2. From the freezing point depression of the unknown/water solution and the molal freezing point depression constant (Kf) for water (1.86 ºC/m), calculate the molality and molar mass of the unknown for each of the additions of solute. Show your calculations.
Show your calculations and clearly indicate the following
Unknown number/letter ______
Molality (m) for first addition of unknown ______
Molar mass of unknown for first addition of unknown ______
Molality (m) for second addition of unknown ______
Molar mass of unknown for second addition of unknown ______
Average molar mass of unknown ______
Post – Lab Questions.
1. A phenomenon called supercooling is frequently encountered in this experiment. supercooling, a solution momentarily drops below its freezing point, and then warms up again, before solidification begins. What event is likely to give rise to supercooling?

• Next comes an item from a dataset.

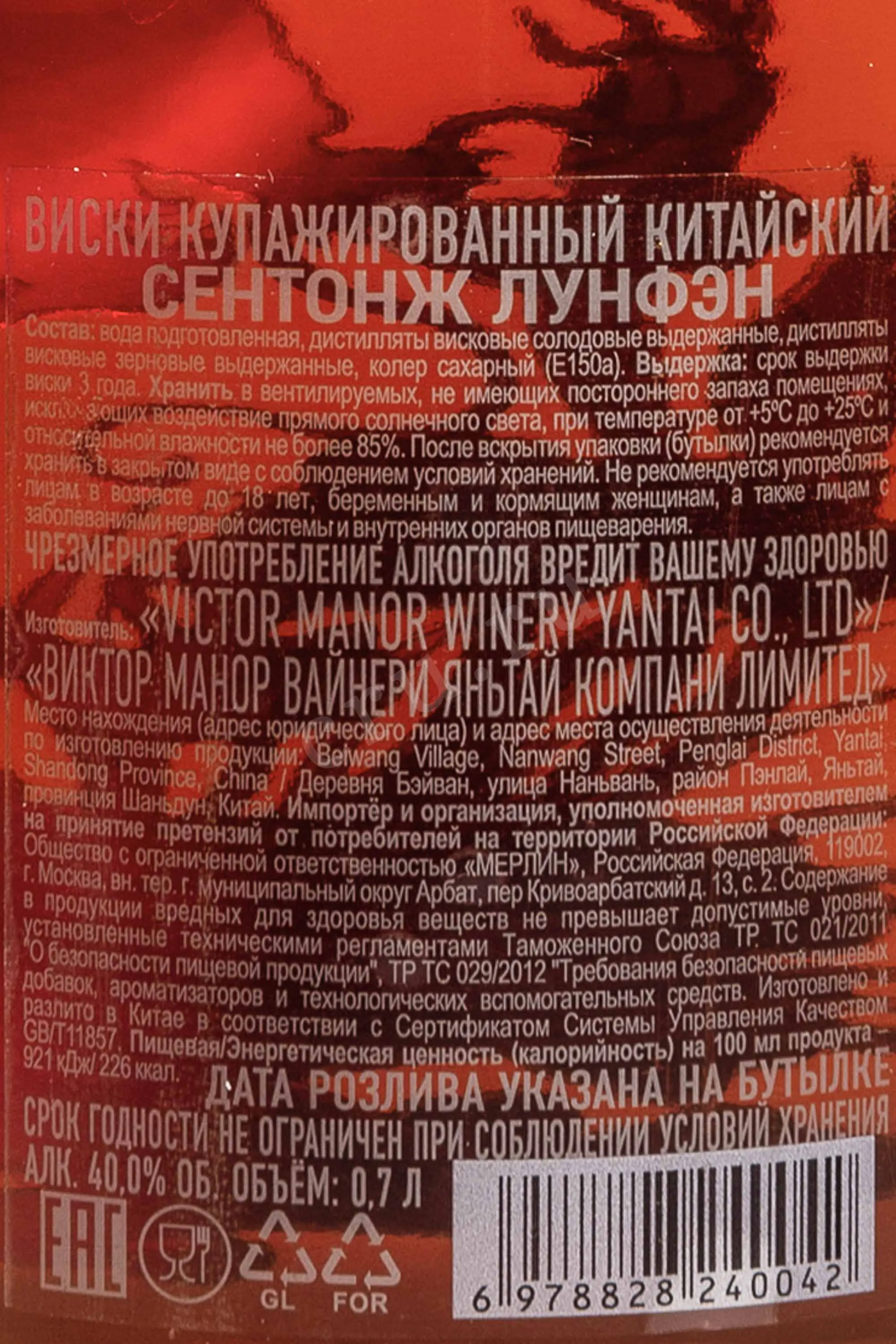 Виски Saintonge Long Feng в подарочной упаковке 0.7 л — китайский бленд с выверенной и аккуратной стилистикой. Напиток создан с учётом современных азиатских подходов к производству и ориентирован на мягкий, сбалансированный профиль. В основе используются солодовые и зерновые спирты. Перегонка проводится с контролем температуры, что позволяет сохранить чистоту вкуса. Выдержка осуществляется в дубовых бочках (не менее 3 лет), в том числе с повторным наполнением, благодаря чему вкус формируется без резкой древесной доминанты. Название Лунфэн отсылает к образам дракона и феникса, традиционным символам гармонии и силы в китайской культуре. Виски выпускается в подарочной упаковке и позиционируется как премиальный продукт для неспешной дегустации.

2. The molal freezing point constant, Kf , is a property of the solvent, not the solute. What does this say about the fact that freezing point depends on the amount of solute, rather than on the solute’s nature?
3. A phenomenon that happens sometimes during freezing point depression experiments is that the solute is affected in some manner by the solvent. One common occurrence is for a solute to dimerize, that is, two solute molecules combine to produce a single double molecule (a dimer). What effect would there be on a molar mass determination if the solute were to dimerize?